O promotor Lincoln Gakiya, do Ministério Público de São Paulo e integrante do Grupo de Atuação Especial de Combate ao Crime Organizado, afirma que “Nos deparamos com fundos não apenas na Carbono Oculto, mas em todas as recentes operações contra o PCC — Fim da Linha, Hydra e Última Parada”. Essa constatação se agrava com a declaração do PCC e do Comando Vermelho como organizações terroristas pelos Estados Unidos, prevendo punições para quem se relacionar economicamente com essas facções.
A vigilância corporativa e a importância do escrutínio
A preocupação com os fundos se estende ao setor corporativo. Na Integrity Conference, da International Chamber of Commerce Brasil, o diretor de governança e conformidade da Petrobras, Ricardo Wagner de Araújo, mencionou uma lista de checagem para negócios que inclui a pergunta: “Tem fundo?”.
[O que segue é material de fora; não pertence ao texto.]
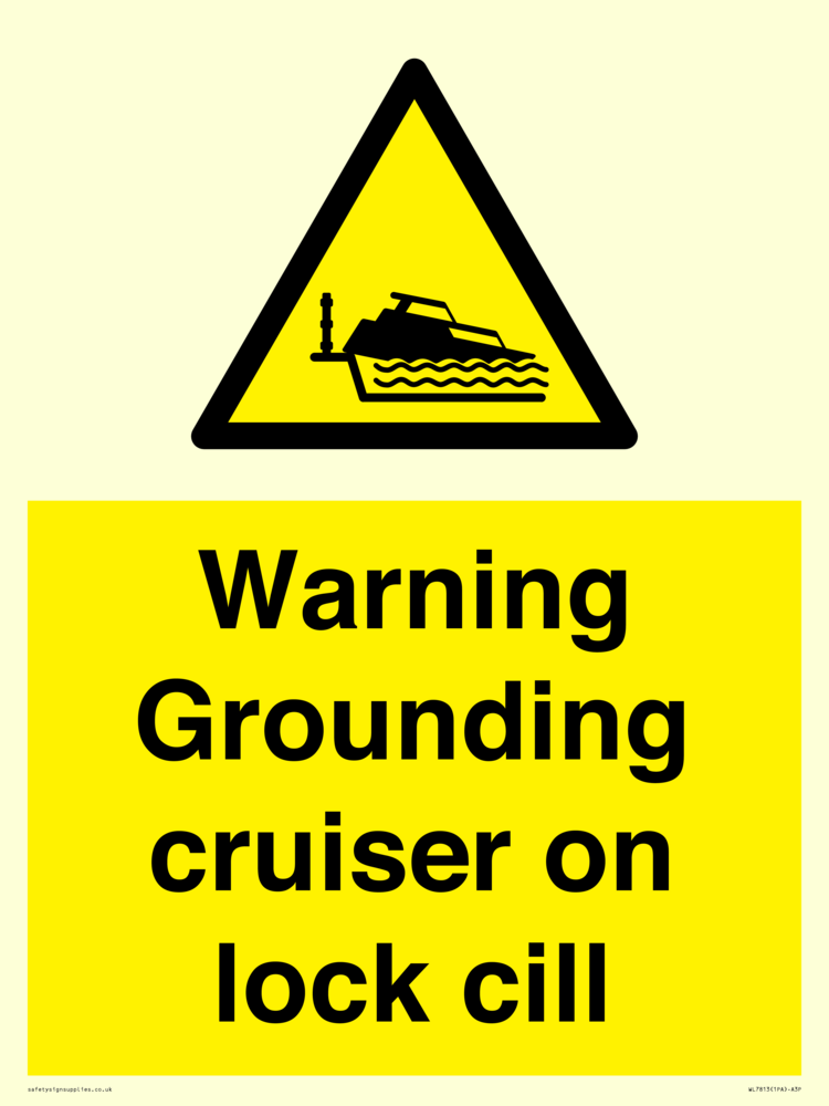 Sign Text: Warning Grounding cruiser on lock cill

Araújo explicou que a Petrobras escrutina detalhadamente os vínculos com fundos antes de firmar parcerias ou investimentos. É fundamental conhecer o beneficiário final, seu histórico judicial, e a solidez da instituição administradora do fundo, bem como a origem dos recursos.
Fatores regulatórios e tributários impulsionam o setor
Especialistas apontam que a expansão dos fundos locais é impulsionada por fatores regulatórios e tributários:
- Lei da Liberdade Econômica (2019): Proporcionou segurança jurídica a cotistas e prestadores de serviço, permitindo a criação de estruturas mais sofisticadas.
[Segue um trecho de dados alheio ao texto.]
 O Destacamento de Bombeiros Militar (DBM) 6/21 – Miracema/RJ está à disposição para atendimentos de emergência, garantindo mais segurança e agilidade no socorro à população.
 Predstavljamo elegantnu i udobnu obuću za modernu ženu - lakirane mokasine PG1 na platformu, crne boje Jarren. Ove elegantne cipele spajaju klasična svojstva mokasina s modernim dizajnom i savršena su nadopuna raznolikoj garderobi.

- Mudanças Regulatórias de 2022: A lei nº 14.430 trouxe segurança jurídica à securitização de recebíveis, e a resolução 175 da CVM simplificou as regras para fundos, incluindo os Fidcs.
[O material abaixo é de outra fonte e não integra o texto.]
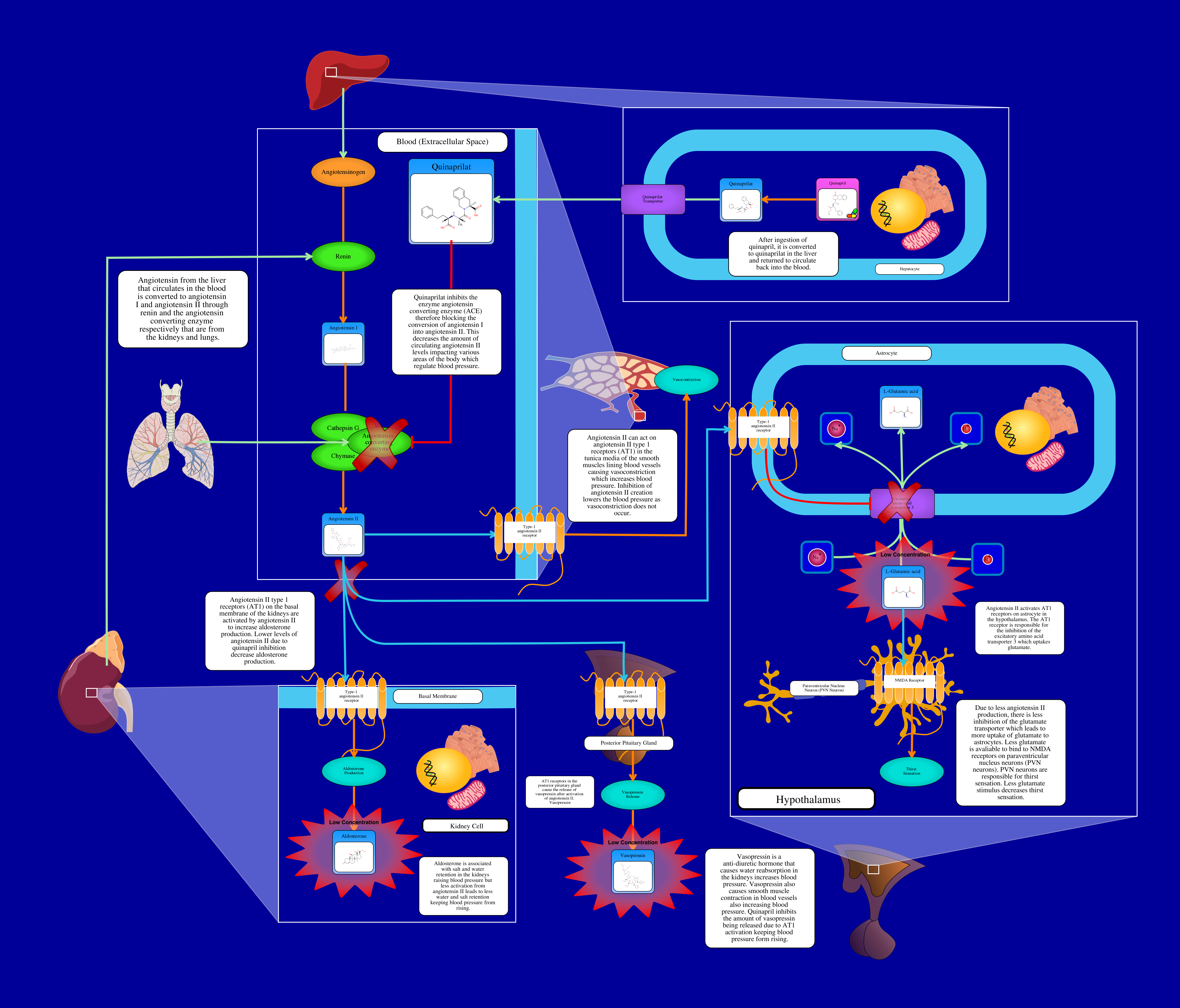 Quinapril is angiotensin-converting enzyme (ACE) inhibitor for the conversion of angiotensin I into angiotensin II. Angiotensin II is a critical circulating peptide hormone that has powerful vasoconstrictive effects and increases blood pressure. Quinapril is used to treat hypertension, high blood pressure, congestive heart failure, and chronic renal failure as it decreases blood pressure. Quinapril is converted into Quinaprilat through the liver after being ingested which travels in the blood to inhibit ACE which is from the lungs. Angiotensin has many vasoconstrictive effects by binding to angiotensin II type 1 receptor (AT1) in blood vessels, kidneys, hypothalamus, and posterior pituitary. In blood vessels, AT1 receptors cause vasoconstriction in the tunica media layer of smooth muscle surrounding blood vessels increasing blood pressure. Less angiotensin II that is circulating lowers the constriction of these blood vessels. AT1 receptors in the kidney are responsible for the production of aldosterone which increases salt and water retention which increases blood volume. Less angiotensin II reduces aldosterone production allowing water retention to not increase. AT1 receptors in the hypothalamus are on astrocytes which inhibit the excitatory amino acid transporter 3 from up-taking glutamate back into astrocytes. Glutamate is responsible for the activation of NMDA receptors on paraventricular nucleus neurons (PVN neurons) that lead to thirst sensation. Since angiotensin II levels are lowered, the inhibition of the uptake transporter is not limited decreasing the amount of glutamate activating NMDA on PVN neurons that make the individual crave drinking less. This lowers the blood volume as well. Lastly, the AT1 receptors on posterior pituitary gland are responsible for the release of vasopressin. Vasopressin is an anti-diuretic hormone that cases water reabsorption in the kidney as well as causing smooth muscle contraction in blood vessels increasing blood pressure. Less angiotensin II activating vasopressin release inhibits blood pressure from increasing. Overall, Quinapril inhibits the conversion of angiotensin I into angiotensin II, a powerful vasoconstrictor and mediator of high blood pressure so decreasing levels of angiotensin will help reduce blood pressure from climbing in individuals.

- Desconcentração da Indústria: A ascensão de gestoras independentes contribuiu para a diversificação do mercado, antes dominado pelos grandes bancos.
- Tributação: Fundos ocupam uma posição intermediária entre pessoas jurídicas e físicas, com um tratamento tributário diferenciado que pode ser vantajoso em certas estruturas.
Fundos de Fundos e a concentração de cotistas
O Brasil também lidera em número de fundos de fundos, com 10,7 mil estruturas, representando 33,1% do total, à frente da Coreia do Sul e dos Estados Unidos. Críticos apontam distorções, com muitos fundos tendo poucos cotistas (até 67% com até cinco cotistas, e 44% com apenas um). Essa concentração levanta dúvidas se tais estruturas funcionam de fato como instrumentos de poupança coletiva ou mais como organizações patrimoniais ou holdings disfarçadas de fundos.
A análise de Bruno Becker, professor da ESPM, sugere que a maioria dos fundos no Brasil não opera como um fundo de investimento tradicional no cenário global, que visa a diversificação de carteira para múltiplos investidores. No contexto brasileiro, muitos são registrados como fundos, mas atuam sob a lógica de estruturas jurídicas sem uma função econômica clara de poupança coletiva.
O que o futuro reserva para a regulação de fundos no Brasil?
O cenário atual exige uma reflexão profunda sobre a regulação e a supervisão do mercado de fundos de investimento no Brasil. A crescente complexidade dessas estruturas, aliada ao seu potencial de opacidade, demanda um esforço contínuo para mitigar riscos de ilícitos financeiros e proteger a integridade do sistema financeiro nacional. A colaboração entre órgãos reguladores, forças de segurança e o setor privado será crucial para garantir que o dinamismo do mercado de fundos sirva ao desenvolvimento econômico, e não ao crime organizado.